WHAT THE EXERCISE ASKS: Apart from the pictures, every part of the records below gets retyped exactly.

(Beginning of EXERCISE MATERIAL)

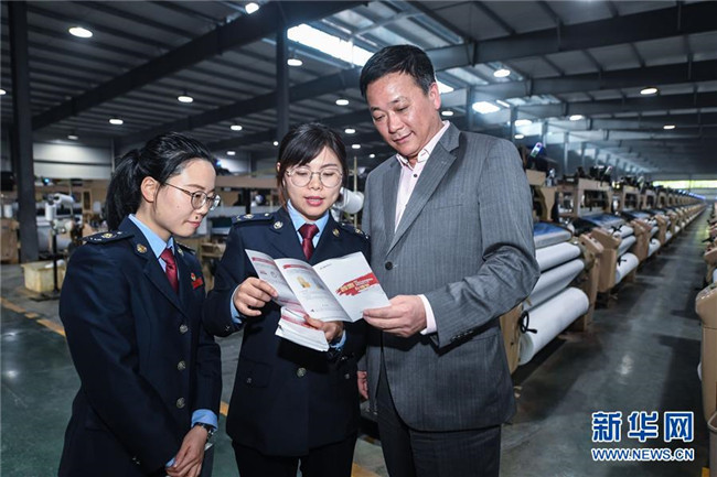 浙江省長興縣稅務部門工作人員在一家公司的車間內向企業(yè)負責人宣傳減稅降費政策(4月16日攝)。新華社記者 徐昱 攝
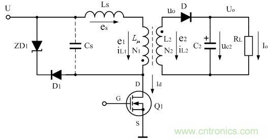 與開關(guān)變壓器初級線圈的電感L的比值K為5%,根據(jù)(42)式可求勵磁電感產(chǎn)生的反擊輸出電壓
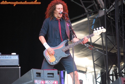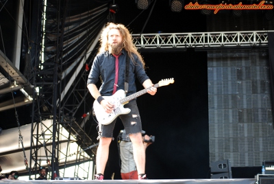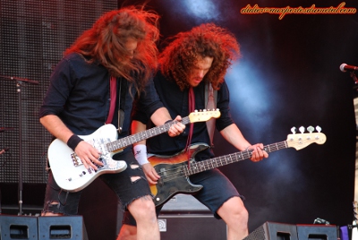 Et hop, on repart direction The Valley, le temple du stoner pour acclamer les Truckfighters, qui est un des leaders dans ce style. Je me rappelle encore de leur prestation d’il y a deux ans. J’avais été scotché. On retrouve donc le trio suédois, avec toujours Dango, le guitariste qui saute de partout en jouant, Ozo, le bassiste et chanteur qui frappe les cordes très haut sur le manche et joue pas mal en accords comme un guitariste. Quant à Poncho, il évolue sur un kit de batterie réduit au strict minimum. En tout cas, je ne suis pas le seul à avoir fait le déplacement car la tente The Valley est déjà bondée. Certains restent dehors et suivent le concert sur l’écran géant, tout en profitant du son puissant qui porte jusque-là. Ils utilisent toujours beaucoup de saturation, autant à la basse qu’à la guitare. Dango, aime bien se lancer dans des solos hystériques et Poncho a vraiment une frappe de mule. Le public apprécie en connaisseur, moi aussi.
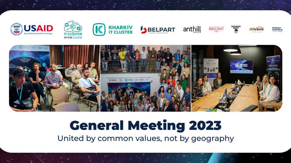 On September 8, 2023, the team and members of the Kharkiv IT Cluster gathered at the General Meeting 2023 simultaneously in Kharkiv, Kyiv, Lviv, and online. The meeting summarized the results of the first half of 2023 and discussed future plans.
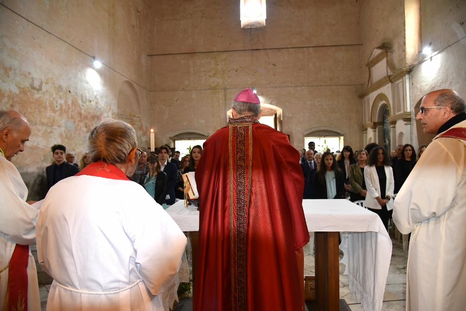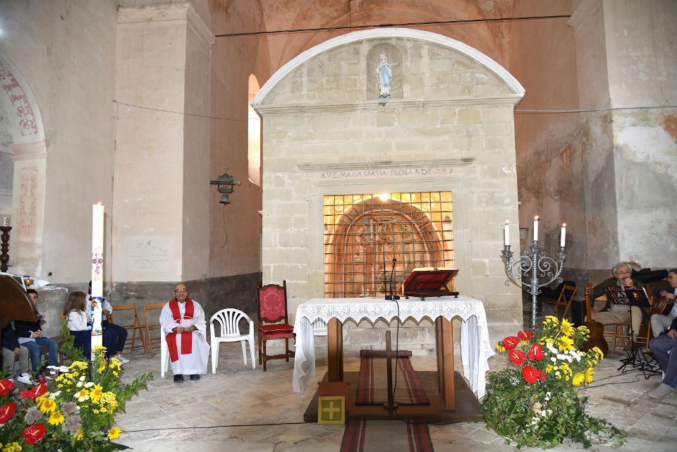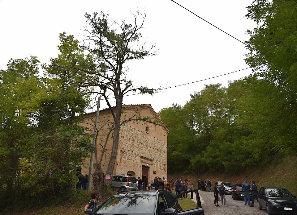 Il perdurare della chiusura di tutte le Chiese del Centro Storico a causa dei danni sismici e l’incapacità della Chiesa dei Ss. Pietro e Silvestro di contenere l’afflusso dei numerosi fedeli qui oggi convenuti, hanno fatto si che questo preziosissimo gioiello storico, sito nell’aperta campagna montelparese, potesse ospitare, appunto, una bellissima e importante cerimonia come questa.
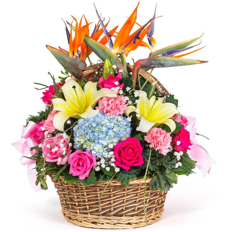 Эта яркая композиция с розовыми розами, голубой гортензией, белыми лилиями, стрелицией, розовыми гвоздиками и гипсофилой привлекает внимание своей насыщенной цветовой гаммой. Все цветы аккуратно расположены в плетёной корзине, создавая элегантный и праздничный вид. Композиция создаёт атмосферу свежести и радости, идеально подходя для декора мероприятия. Прекрасный подарок для сестры на день рождения.
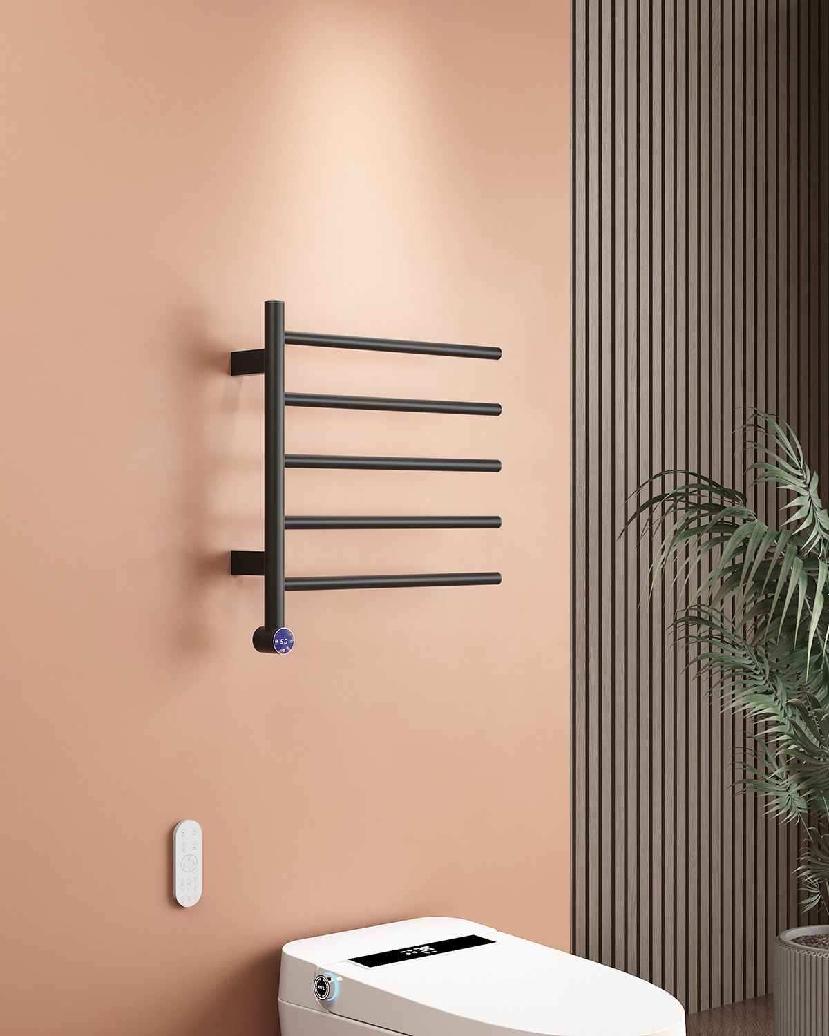 5桿液顯旋鈕開關電熱毛巾架 5 bar LCD display knob switch heated towel rail 材質Material:SS201/SS304 功率Power:220V/80W 表面Surface:Black Painted 黑色噴塑 尺寸Size:500*110*500mm 包裝Ctn size:520*120*700mm
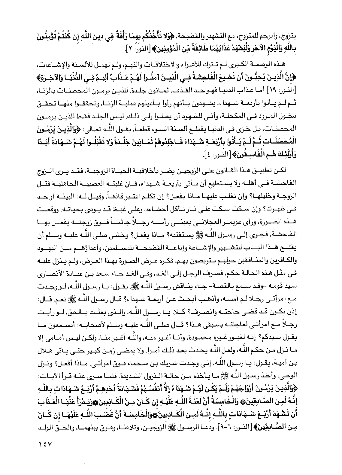 لكن تطبيق هذا القانون على الزوجين يضر بأخلاقية الحياة الزوجية، فقد يرى الزوج الفاحشة في أهله ولا يستطيع أن يأتي بأربعة شهداء، فإن غلبته العصبية الجاهلية قتل الزوجة وخليلها؟ وإن تغلب عليها ماذا يفعل؟ إن تكلم اعتبر قاذفًا، وقيل له: البينة أو حد في ظهرك؟ وإن سكت سكت على نار تأكل أحشاءه، وعلى غيظ قد يودي بحياته، ووقعت هذه الصورة، ورأى عويمر العجلاني بعينى رأسه رجلاً جاثمًا فوق زوجته يفعل بها الفاحشة، فجرى إلى رسول الله صلى الله عليه وسلم يستفتيه؟ ماذا يفعل؟ وخشي صلى الله عليه وسلم أن يفتح هذا الباب للتشهير والإشاعة وإذاعة الفضيحة للمسلمين، وأعداؤهم من اليهود والكافرين والمنافقين حولهم يتربصون بهم، فكره عرض الصورة بهذا العرض، ولم ينزل عليه في مثل هذه الحالة حكم، فصرف الرجل إلى الغد، وفي الغد جاء سعد بن عبادة الأنصاري سيد قومه - وقد سمع بالقصة - جاء يناقش رسول الله صلى الله عليه وسلم. يقول: يا رسول الله، لو وجدت مع امرأتي رجلاً لم أمسه، وأذهب أبحث عن أربعة شهداء؟ قال رسول الله صلى الله عليه وسلم نعم. قال: إذن يكون قد قضى حاجته وانصرف؟ كلا. يا رسول الله، والذي بعثك بالحق، لو رأيت رجلاً مع امرأتي لعاجلته بسيفي هذا؟ قال صلى الله عليه وسلم لأصحابه: أتسمعون ما يقول سيدكم؟ إنه لغيور غيرة محمودة، وأنا أغير منه، والله أغير منا، ولكن ليس أمامي إلا ما نزل من حكم الله، ولعل الله يحدث بعد ذلك أمرًا، ولا يمضي زمن كبير حتى يأتي هلال بن أمية، يقول: يا رسول الله، إني وجدت شريك بن سحماء فوق امرأتي. ماذا أفعل؟ ونزل الوحي، وأخذ رسول الله صلى الله عليه وسلم ما يأخذه من حالة النزول الشديدة.
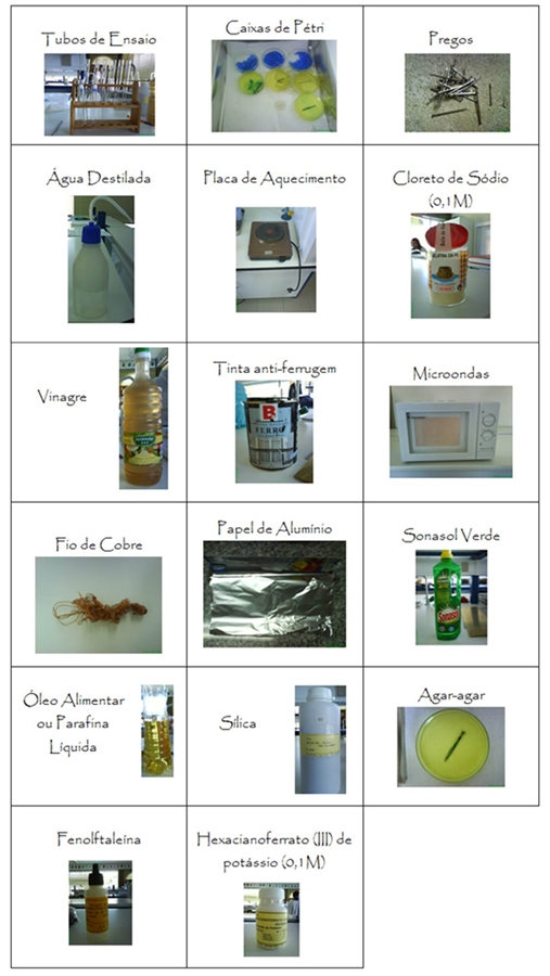 Procedimento Experimental 1. Preparou-se um conjunto de amostras de pregos de ferro e de aço em diferentes condições: a) Pregos intactos; b) Pregos dobrados; c) Pregos com risco à superfície; d) Pregos pintados, com e sem riscos na pintura; e) Pregos enrolados em fio de cobre e papel de alumínio.

(End of EXERCISE MATERIAL)

YOUR RESPONSE:
 浙江省長興縣稅務部門工作人員在一家公司的車間內向企業(yè)負責人宣傳減稅降費政策(4月16日攝)。新華社記者 徐昱 攝
 與開關(guān)變壓器初級線圈的電感L的比值K為5%,根據(jù)(42)式可求勵磁電感產(chǎn)生的反擊輸出電壓
 Et hop, on repart direction The Valley, le temple du stoner pour acclamer les Truckfighters, qui est un des leaders dans ce style. Je me rappelle encore de leur prestation d’il y a deux ans. J’avais été scotché. On retrouve donc le trio suédois, avec toujours Dango, le guitariste qui saute de partout en jouant, Ozo, le bassiste et chanteur qui frappe les cordes très haut sur le manche et joue pas mal en accords comme un guitariste. Quant à Poncho, il évolue sur un kit de batterie réduit au strict minimum. En tout cas, je ne suis pas le seul à avoir fait le déplacement car la tente The Valley est déjà bondée. Certains restent dehors et suivent le concert sur l’écran géant, tout en profitant du son puissant qui porte jusque-là. Ils utilisent toujours beaucoup de saturation, autant à la basse qu’à la guitare. Dango, aime bien se lancer dans des solos hystériques et Poncho a vraiment une frappe de mule. Le public apprécie en connaisseur, moi aussi.
 On September 8, 2023, the team and members of the Kharkiv IT Cluster gathered at the General Meeting 2023 simultaneously in Kharkiv, Kyiv, Lviv, and online. The meeting summarized the results of the first half of 2023 and discussed future plans.
 Il perdurare della chiusura di tutte le Chiese del Centro Storico a causa dei danni sismici e l’incapacità della Chiesa dei Ss. Pietro e Silvestro di contenere l’afflusso dei numerosi fedeli qui oggi convenuti, hanno fatto si che questo preziosissimo gioiello storico, sito nell’aperta campagna montelparese, potesse ospitare, appunto, una bellissima e importante cerimonia come questa.
 Эта яркая композиция с розовыми розами, голубой гортензией, белыми лилиями, стрелицией, розовыми гвоздиками и гипсофилой привлекает внимание своей насыщенной цветовой гаммой. Все цветы аккуратно расположены в плетёной корзине, создавая элегантный и праздничный вид. Композиция создаёт атмосферу свежести и радости, идеально подходя для декора мероприятия. Прекрасный подарок для сестры на день рождения.
 5桿液顯旋鈕開關電熱毛巾架 5 bar LCD display knob switch heated towel rail 材質Material:SS201/SS304 功率Power:220V/80W 表面Surface:Black Painted 黑色噴塑 尺寸Size:500*110*500mm 包裝Ctn size:520*120*700mm
 لكن تطبيق هذا القانون على الزوجين يضر بأخلاقية الحياة الزوجية، فقد يرى الزوج الفاحشة في أهله ولا يستطيع أن يأتي بأربعة شهداء، فإن غلبته العصبية الجاهلية قتل الزوجة وخليلها؟ وإن تغلب عليها ماذا يفعل؟ إن تكلم اعتبر قاذفًا، وقيل له: البينة أو حد في ظهرك؟ وإن سكت سكت على نار تأكل أحشاءه، وعلى غيظ قد يودي بحياته، ووقعت هذه الصورة، ورأى عويمر العجلاني بعينى رأسه رجلاً جاثمًا فوق زوجته يفعل بها الفاحشة، فجرى إلى رسول الله صلى الله عليه وسلم يستفتيه؟ ماذا يفعل؟ وخشي صلى الله عليه وسلم أن يفتح هذا الباب للتشهير والإشاعة وإذاعة الفضيحة للمسلمين، وأعداؤهم من اليهود والكافرين والمنافقين حولهم يتربصون بهم، فكره عرض الصورة بهذا العرض، ولم ينزل عليه في مثل هذه الحالة حكم، فصرف الرجل إلى الغد، وفي الغد جاء سعد بن عبادة الأنصاري سيد قومه - وقد سمع بالقصة - جاء يناقش رسول الله صلى الله عليه وسلم. يقول: يا رسول الله، لو وجدت مع امرأتي رجلاً لم أمسه، وأذهب أبحث عن أربعة شهداء؟ قال رسول الله صلى الله عليه وسلم نعم. قال: إذن يكون قد قضى حاجته وانصرف؟ كلا. يا رسول الله، والذي بعثك بالحق، لو رأيت رجلاً مع امرأتي لعاجلته بسيفي هذا؟ قال صلى الله عليه وسلم لأصحابه: أتسمعون ما يقول سيدكم؟ إنه لغيور غيرة محمودة، وأنا أغير منه، والله أغير منا، ولكن ليس أمامي إلا ما نزل من حكم الله، ولعل الله يحدث بعد ذلك أمرًا، ولا يمضي زمن كبير حتى يأتي هلال بن أمية، يقول: يا رسول الله، إني وجدت شريك بن سحماء فوق امرأتي. ماذا أفعل؟ ونزل الوحي، وأخذ رسول الله صلى الله عليه وسلم ما يأخذه من حالة النزول الشديدة.
 Procedimento Experimental 1. Preparou-se um conjunto de amostras de pregos de ferro e de aço em diferentes condições: a) Pregos intactos; b) Pregos dobrados; c) Pregos com risco à superfície; d) Pregos pintados, com e sem riscos na pintura; e) Pregos enrolados em fio de cobre e papel de alumínio.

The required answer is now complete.